Parents in Canterbury are being urged to look out for sign of stress in their children following Sunday's earthquake.
A 5.7 earthquake rattled the region in the early afternoon of Valentine's Day - just weeks out from the fifth anniversary of the quake which decimated the city and killed 185 people. There was large rockfalls around Sumner, and some schools received damage.
Mike Coleman, a councillor at Middleton Grange School, said they were seeing less children showing signs of stress, but this could now change.
"Every pupil reacts differently to these quakes, but this last quake has real potential to re-trigger trauma through pupils right throughout Canterbury."
Coleman said parents and schools should be on the look out for signs of stress, "like crying more than usual, very quiet, overly angry, tantrums, because effectively children show what's going on for them in their behaviour."

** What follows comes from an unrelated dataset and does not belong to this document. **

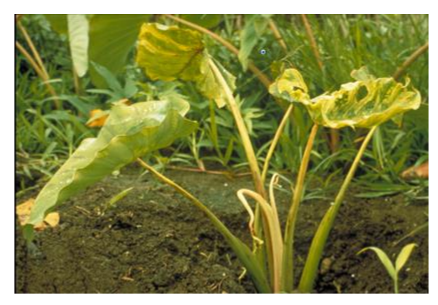
Fig. 15 S-DsMV. Severe-Dasheen Mosaic Virus in French Polynesia. There is severe distortion of the leaves, and symptoms of DsMV occurs on most of them in contrast to symptoms in other Pacific island countries. The other contrast with 'normal' DsMV is that the plants do not recover from the symptoms. It is seen most often on variety Mana Ura. Photo: Tahiti, French Polynesia.

The problem persisted and, in August 1982, Grahame visited French Polynesia for SPC<sup>58</sup>. Several thousand taro on Tahiti and Moorea were inspected. DsMV symptoms were common in the plantings, but there were no symptoms from infections by large or small bacilliform viruses. In a majority of plants, symptoms were similar to those reported in many countries where DsMV occurs: leaves showed pale, green-to-yellow "feathering" patterns along the main veins, but they were seldom distorted, or reduced in size. Mostly, symptoms were present on young plants and those close to harvest.

It is important for kids to get help if need be, and schools will have a list of agencies they can go to, Coleman pointed out.
Around $13.5 million has been earmarked to support psychosocial services and initiatives in Canterbury over the next four years, while the Mental Health Education and Resource Centre had additional money set aside to meet any spike in demand around the fifth anniversary.
However, the Ministry of Social Development said it's not yet known what additional demand for services will result from the latest quake.
Lucy Daeth, public health specialist for the All Right Campaign, noted yesterday that while there wasn't much physical damage, the social recovery for the region has been set back.
She says it will have people on edge again, after things felt like they were getting back to normal.
"At one stage we were quite used to them but now it feels like a horrible shock and of course people are very concerned about how other people are doing, about people out East who've got liquefaction, about the people in Sumner who see cliffs collapsing..."
"As hard to believe as it might be for the rest of the country, we're still pretty fragile in Christchurch and still trying to come to terms with what's happening."
Close to 500 Christchurch residents have lodged insurance claims with the Earthquake Commission since Sunday's rumble.
EQC CEO Ian Simpson wasn't surprised by the number, and he notes it's on par with the number of claims received following the Cook Straight earthquake in 2013.
Residents have three months to lodge their claims.
Cantabrians are also being urged to update their survival kits following the quake.
Survive It managing director Steven McLauchlan said survival kits at home and the car need regular upkeep, by checking batteries every threesix months and changing water supplies at least once a year.